Forse per la mia visione disincantata delle cose non avrei immaginato che la presentazione di un libro come questo avrebbe potuto riempire un teatro. Ero abbastanza perplesso inizialmente, e invece addirittura ci sono state persone costrette a rimanere fuori. Quello che più mi ha colpito è stato il calore della sala. Oltre a stimolare un po’ di autostima questo rafforza la mia convinzione che Bari sia una città con un grande potenziale di sensibilità e attenzione culturale, non solo a livello non elitario. Eppure, in una grande città come la nostra mancano ancora i punti di riferimento fondamentali in campo artistico. È rimasto una specie di buco: in un quadro generale in cui il teatro, la musica sono riusciti a conquistarsi esperienze importanti, l’arte visiva, intesa in senso lato, con la fotografia, il design, la grafica, continuano a non avere un’adeguata rappresentanza progettuale nella città. Tutte le proposte che le istituzioni pubbliche ormai da molti anni sostengono, partono dall’idea vuota di contenitore ma non si pongono il problema di come, con quali operatori, con quali risorse e modalità gestire un progetto in campo artistico. Per costruire un’identità dialogante con la contemporaneità, reinventare le tradizioni, in una società individualistica come la nostra è importante che ci siano punti di riferimento. Io non credo che oggi la questione sia quella di aprire una Galleria d’arte moderna o un museo ma quella di immaginare strutture che siano innanzitutto di servizio, perché la prima cosa da fare è informare, in modo puntuale e aggiornato, di quello che si muove nel mondo. Se continuiamo a offrire al pubblico elusivamente mostre di Van Gogh non possiamo dire di avere uno sguardo sul contemporaneo.

Bari non è ancora una città per l’arte contemporanea?

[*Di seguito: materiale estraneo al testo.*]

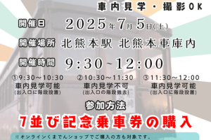 熊本電気鉄道は、北熊本駅熊本車庫において夏休み特別イベントを8月18日に開催する。 故障のために運休が続いている「くまモンのラッピング電車(ピンク)」が特別開放され、車両の見学や撮影などが楽しめるほか、運転台見学・制服・…
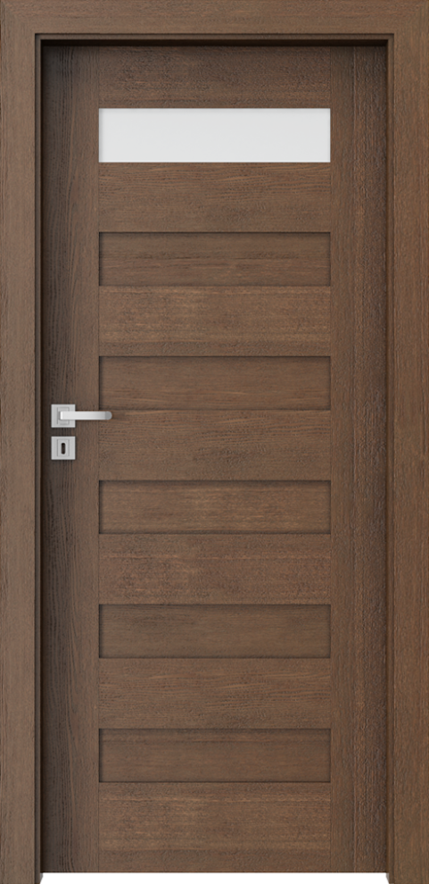 Ușa este finisată cu furnir natural. Ușa este fi nisată cu: Furnir Natural Select, furnir natural Stejar, furnir natural Stejar Satin (excepţie Alb) și protejat cu lac UV semi-mat. Sticlă mată călită.
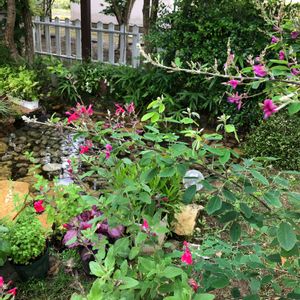 🎶雨上がりの庭の巡回♬ はぎさんとチェリーセージさんが仲良くなってました。そこへ、◯◯◯が遊びにやってきて「仲間に入れて♡」 風に揺られて、みんな気持ち良さそうでした。 ◯◯◯に入るのは何かわかりますか? 探してね♡ ˎˊ˗
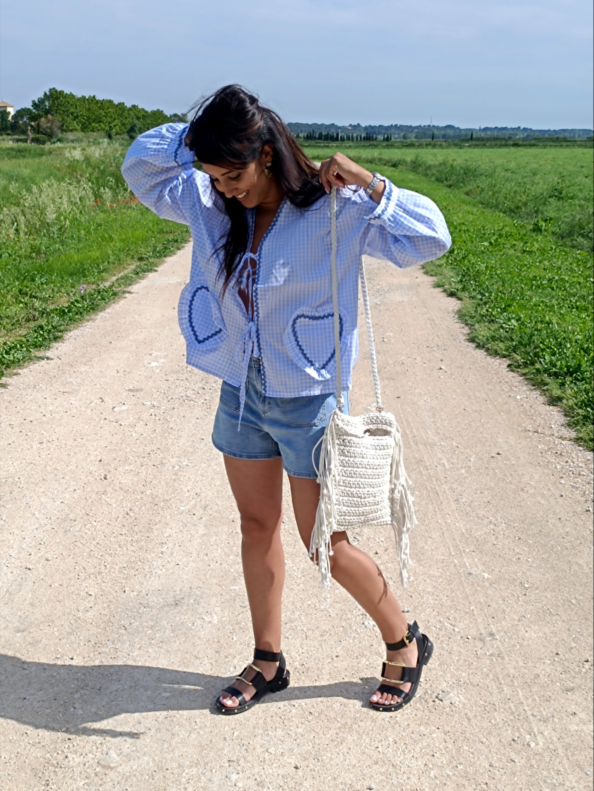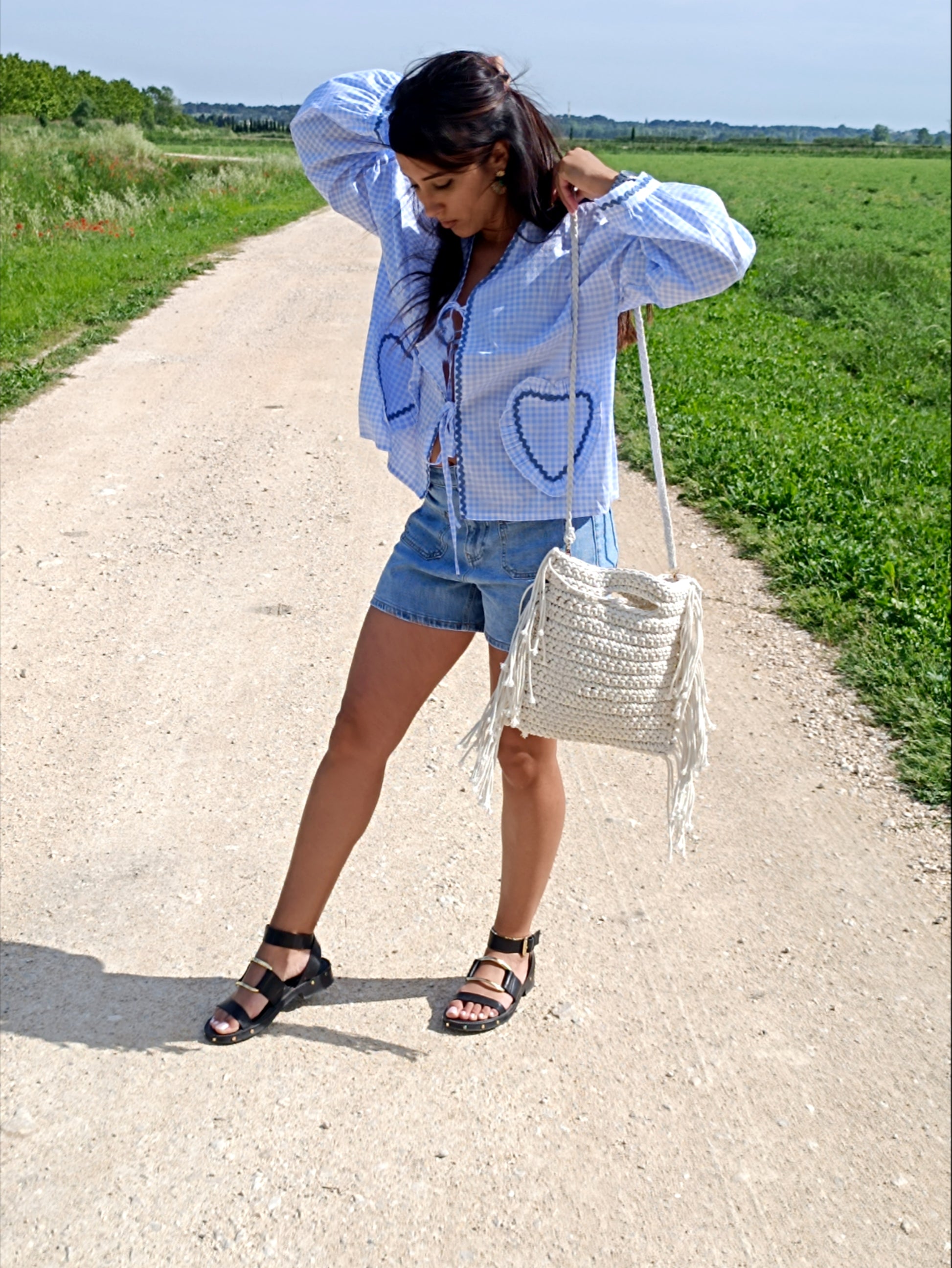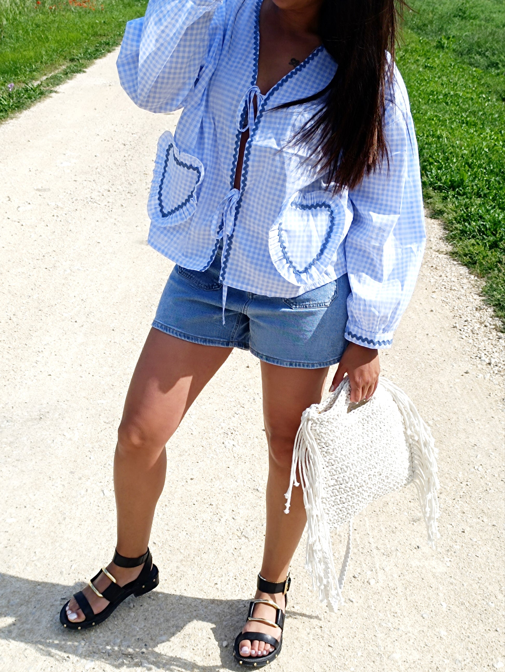- Coup de cœur pour cette blouse à motif vichy bleu clair avec les cœurs et la broderie sur l'avant bleu charrette
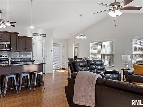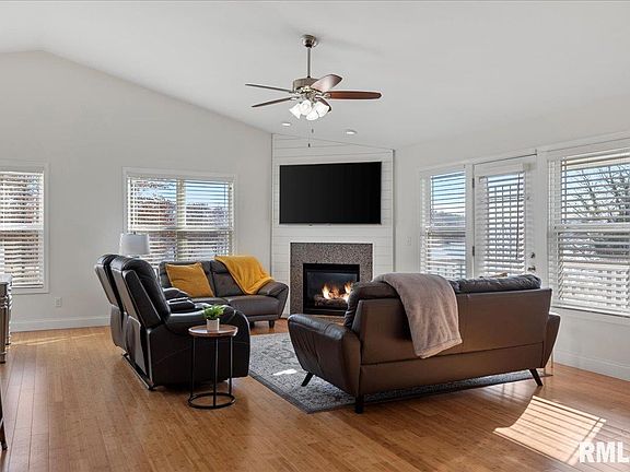 This is an immaculate & super spacious FIVE bedroom home with a finished walkout basement AND an incredible Chatham lot that overlooks Lake Springfield. You'll be mesmerized at first glance when you take in the striking appeal offered by fresh updates throughout the exterior. A delightful wrap around porch & master bedroom balcony are both visual focal points & practical perks of the layout. Inside you'll find warm hardwood floors stretching across most of the main floor with bright, freshly painted, neutral color schemes. You'll love a trendy shiplap accent wall & fireplace adjacent to the huge kitchen island & breakfast bar leaving you with a wide open concept for both formal dining & more relaxed entertaining. The main floor master suite is equipped with a full bathroom & walk in closet while the balcony's natural light & perfect view of the lake are like a cherry on top. Find a main floor laundry room, second full bathroom & 2 more bedrooms before you venture downstairs to the family, rec & additional bedrooms. Newer carpet & daylight windows are offered in the spacious family room with walkout patio access plus a separate rec room, bedrooms 4 & 5 (egress equipped) and even a den or office to enjoy are found alongside the 3rd full bathroom. Move in ready is an understatement for this fabulous Chatham home with negotiable furnishings.

L’arte contemporanea oggi ha a che fare con la natura, da un lato, e all’altro estremo con la digitalizzazione. Sembrano due poli opposti ma questo emerge dalle mostre più attuali che è possibile scoprire grazie a gruppi, fondazioni, gallerie contemporanee. Noi siamo ancora legati a situazioni passate. È giusto che ci sia attenzione alla conservazione delle cose, alla valorizzazione di opere che negli anni abbiamo acquistato anche con i soldi pubblici, la memoria va coltivata ma sapendo che il mondo va in un’altra direzione che ci sono cose che si muovono nel mondo. Sarebbe il caso di ricordarlo.